Catherine Austin Fitts, the former Assistant Secretary of HUD, has stated that what’s happening to our economy is “a criminally leveraged buyout”.

Also headed for the Congressional deep freeze are the Departments of Health and Human Services, Housing and Urban Development, Agriculture, Energy, and Justice, which will receive, altogether, $ 250 billion in federal funding in 2010. The military, the wars and the Department of Homeland Security, however, will get $ 700 billion, almost triple that. This is also more than the ‘defense’ budget of the rest of the world combined. But there’s no talk of reduction here.

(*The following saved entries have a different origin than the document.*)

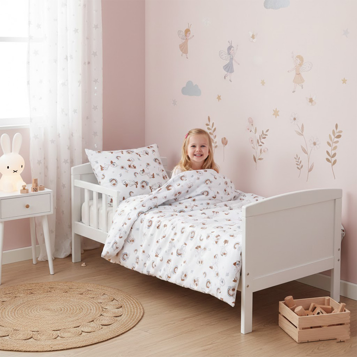 Komplet posiada poszewkę na poduszkę. W poszewce idealnie mieści się puszysta poduszka dedykowana dla dzieci powyżej 3 roku życia.
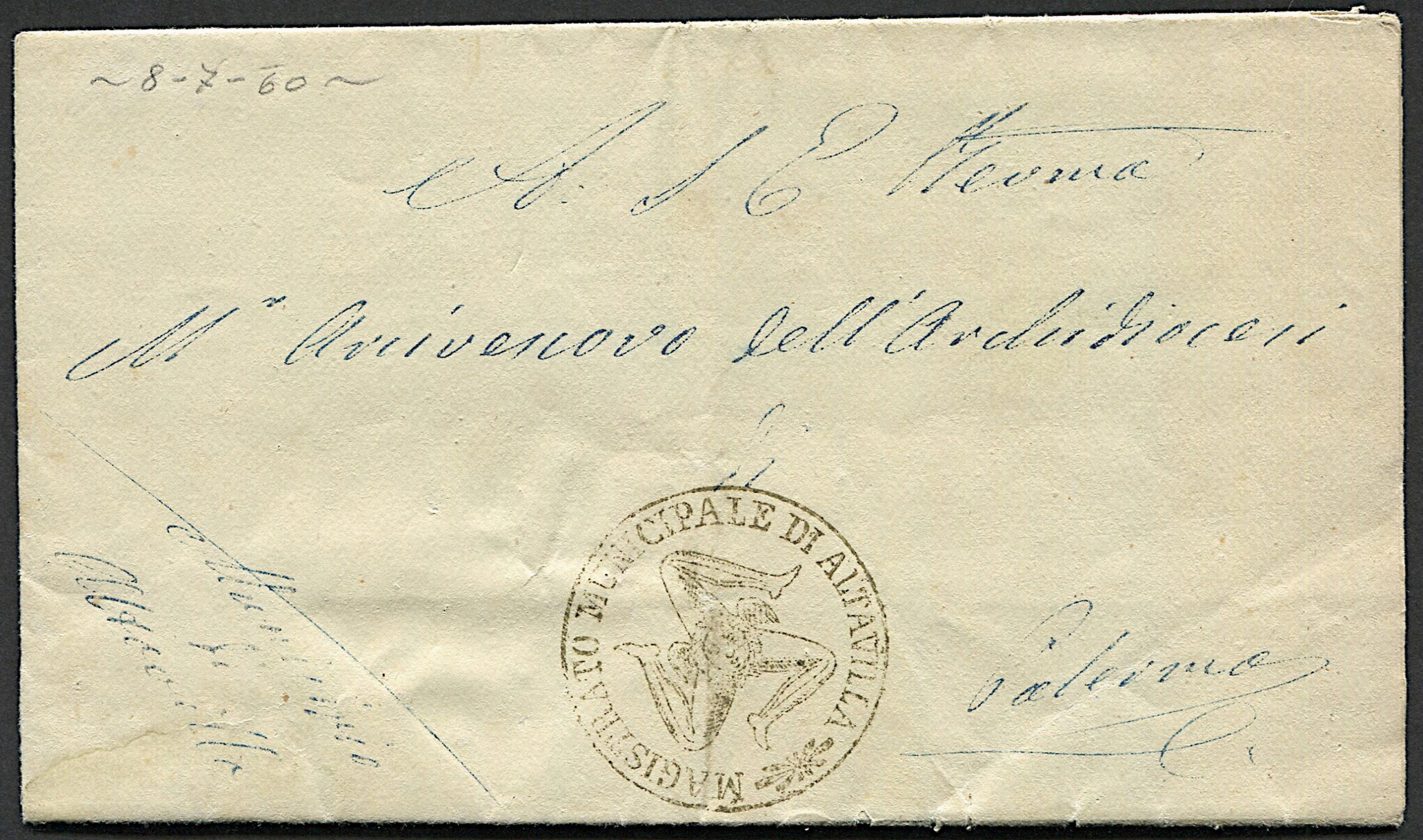 1860, Sicilia, lettera in franchigia da Altavilla a Palermo dell’8 luglio 1860
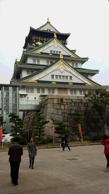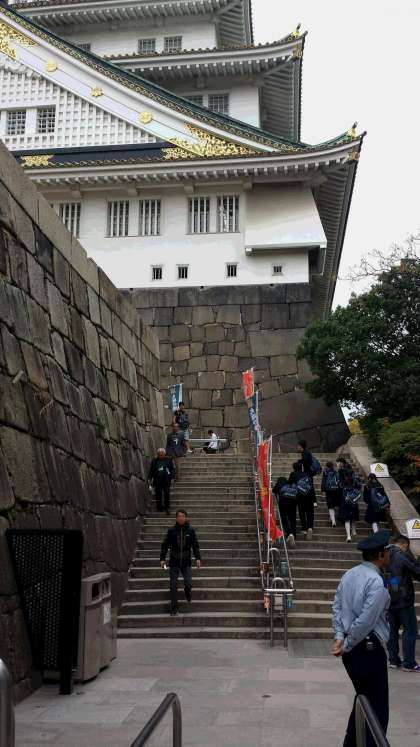 写真は大阪城です。観光の人や修学旅行生でとても賑わっています。
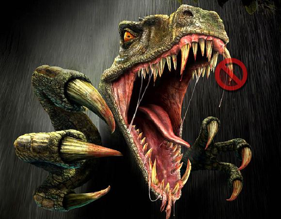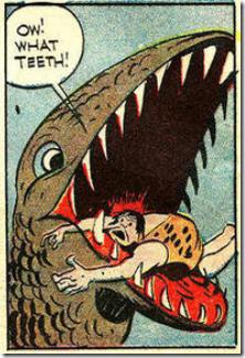 圖一中的這只尖牙利爪目露兇光,稱A。圖二中這只同樣血盆大口但目光可愛仿佛因吃驚才長大了嘴巴的,稱B。雖然A風(fēng)格細膩,生動傳神,貌似很逼真,但是那兩對長長的“獠牙”卻是犯了想當(dāng)然的錯誤。哺乳動物里的獵手門都有尖長致命的犬齒,其中最深入人心的當(dāng)屬劍齒虎,他上頜的那兩把利刃可謂犬齒的極致,但是在遙遠的侏羅紀,恐龍并沒有如此專事獵殺的牙齒。將今論古是需要保持謹慎的。事實上食肉類恐龍的牙齒正如漫畫B中所示:匕首狀,前后大小基本一致,而又參差不齊。
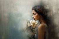 Portret met een zachte en romantische uitstraling. Een deels realistisch en deels abstract portret van een jonge vrouw met een bloem in pastelkleuren.
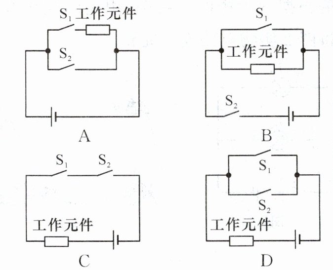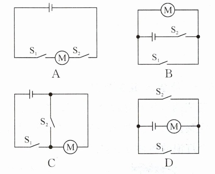 4. (2024·泰安)小文同学家安装了密码门锁,能通过输入密码($ S_1 $)或利用钥匙($ S_2 $)单独驱动电动机工作而打开门锁。下列电路设计符合要求的是 (
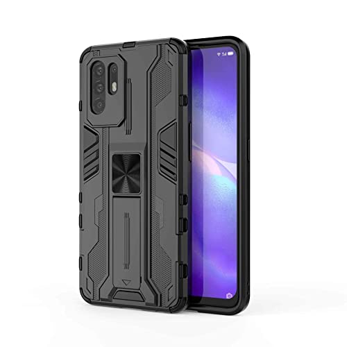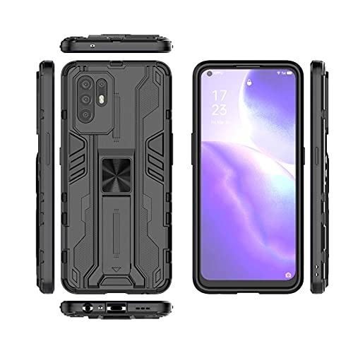 Tianyan Cover OPPO A94 5G / Reno 5Z 5G,Dual Layer Armor Antiurto Silicone Gel TPU e PC dura Anti-Graffio Cover Con Supporto Pieghevole Nascosto Protezione Custodia per OPPO A94 5G,Nero
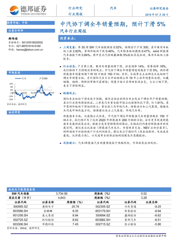 【德邦证券】【20190728】20190728-德邦证券-汽车行业周报:中汽协下调全年销量预期,预计下滑5%-9页 行业研究
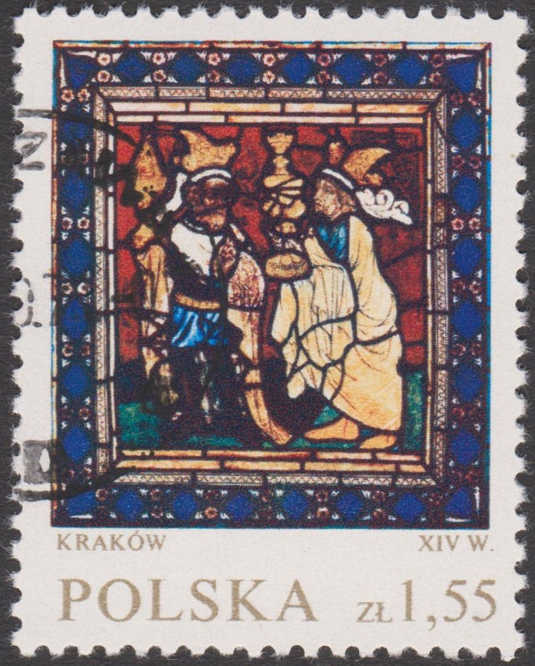Polen MiNr. 2106 zeigt eine Glasmalerei von 1430/1440 aus der Dominikaner-Kirche in Krakau, die zwei Magier darstellt:
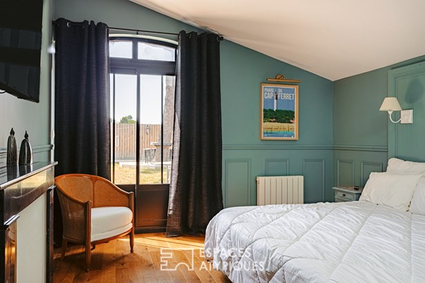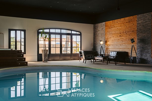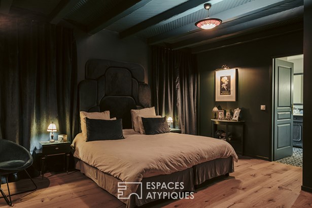 The tour continues with a major surprise: a large converted room houses an indoor pool and a jacuzzi, adding a rare dimension to this characterful family home. Completely independent, the fifth and final suite is located here, comprising a remarkable bedroom, a dressing room, a bathroom, and a toilet.
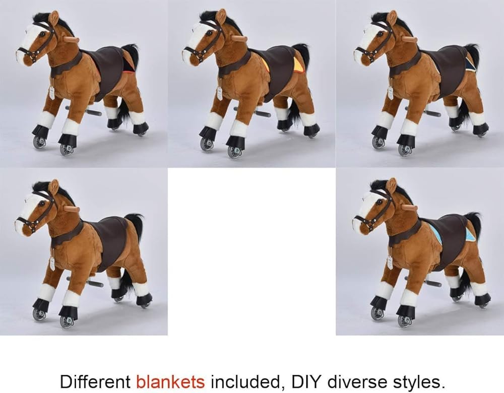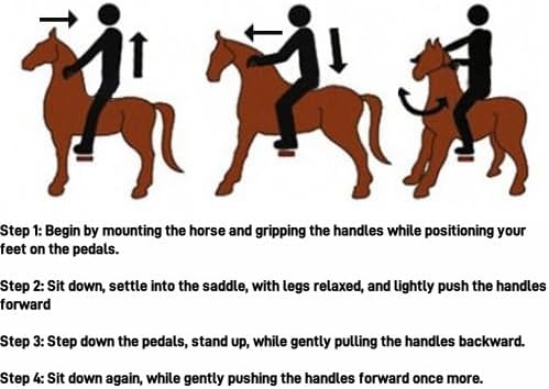 • سهل الاستخدام: مريح للركوب في الداخل والخارج على أرض مسطحة، فقط ضع الأرجل على الحصان واضغط على الدواسة ثم يبدأ الحصان في التحرك، اركب مثل الحصان الحقيقي، بدون كهرباء، عجلات ناعمة، لا تسبب ندبًا على الأرضيات.
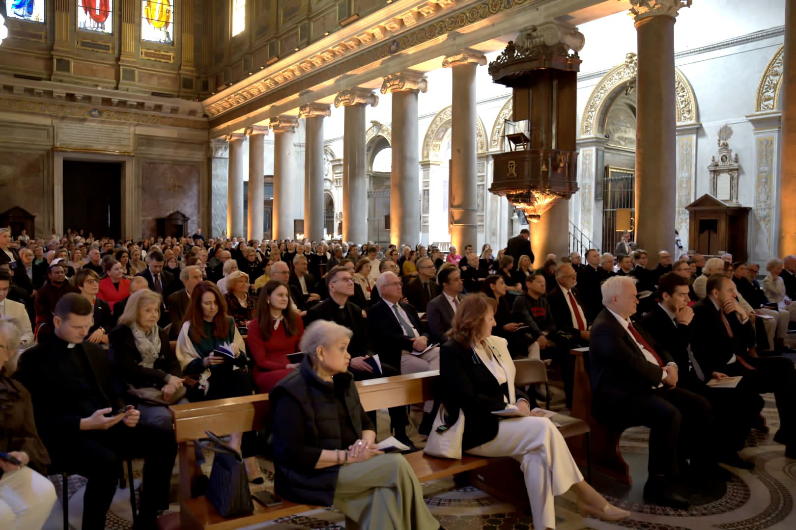 Na widowni obecni byli ponadto przedstawiciele środowisk akademickich, kościelnych i kulturalnych w Rzymie i Watykanie, a także Polonia i studenci.
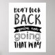 poster de tipografia legal e incrível. Citação inspiradora e motivacional para aliviar seu dia. Não olhe para trás. Você não vai por ali. Largue o passado e concentre-se no futuro. A cor de fundo pode ser personalizada para a cor desejada.
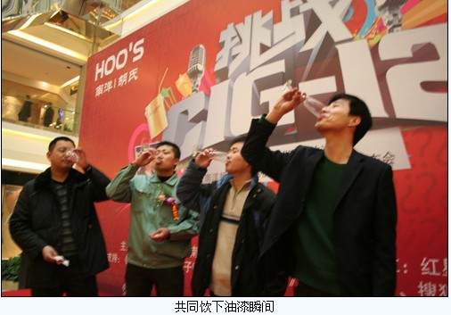 在有請現(xiàn)場觀眾當(dāng)場驗證了油漆的真實性后,日本玄華有期駐中國辦事處工程師劉有來先生等四名在場人士接過活動主辦方送來的“飲品”,在向觀眾舉杯示意后,一飲而盡。四人飲過后均表示沒有身體沒有任何不適,其中一名男士更是表示,“滑滑的,味道還不錯!”引得在場觀眾目瞪口呆,繼而掌聲不斷,整個發(fā)布會現(xiàn)場氣氛達到了最高潮。
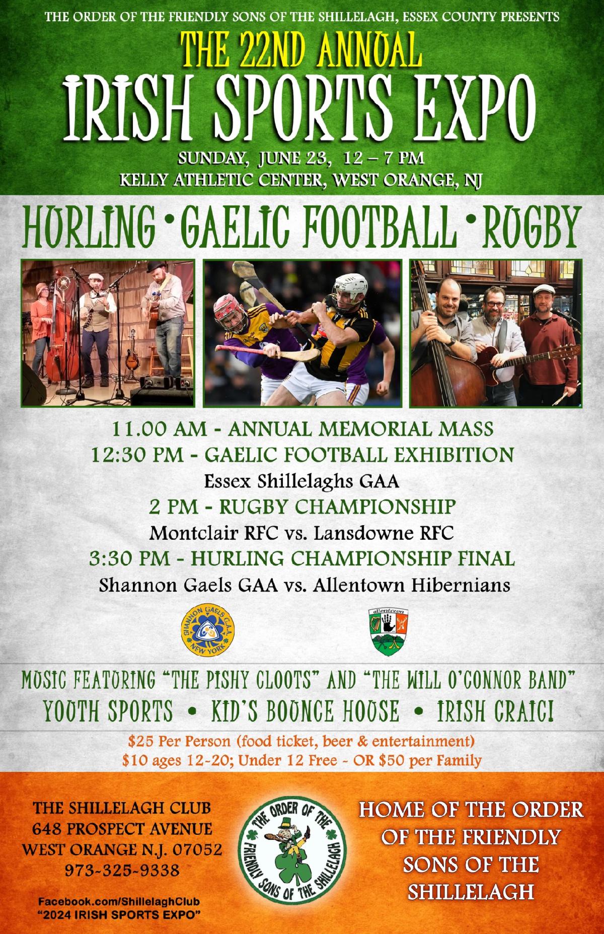 The Friendly Sons of the Shillelagh will host their 22nd Annual Irish Sport Expo on Sunday, June 23 at the Shillelagh Club. For the very first time, the Essex Shillelaghs GAA will participate and we will mark the occasion to celebrate the conclusion of our inaugural Spring Season.

While more and more Americans are signing up for food stamps, the Air Force’s C-17 cargo planes, at $ 330 million each, with a total program cost of $ 65 billion, got $ 2.5 billion from Congress in 2010 for ten of these planes that the Pentagon didn’t even ask for! That $ 2.5 billion, in 2010, could provide health care for 141,681 people, pay 6,138 public safety officers, 4,649 music and art teachers, and 4,568 elementary school teachers. There still would be enough left for 22,610 college scholarships, 46,130 Pell Grants, 1,877 affordable housing unite, renewable electricity for 382,679 homes and 29,630 free head Start programs – all for the cost of ten unasked for C-17s.

Exempt also are the bank bailouts and interest on the national debt – $ 125 billion in 2010. And trillions over the next ten years will keep going to the same financial corporations that got trillions of our dollars in government guarantees and loans. The unemployed don’t feel too good about that.

Obama campaigned loudly for job creation, but eighteen months after his inauguration we’re still waiting for the bleeding to stop. Those people in Detroit, though – who see no signs of a “recovery” – do you suppose they’ll sit on their hands for another eighteen months?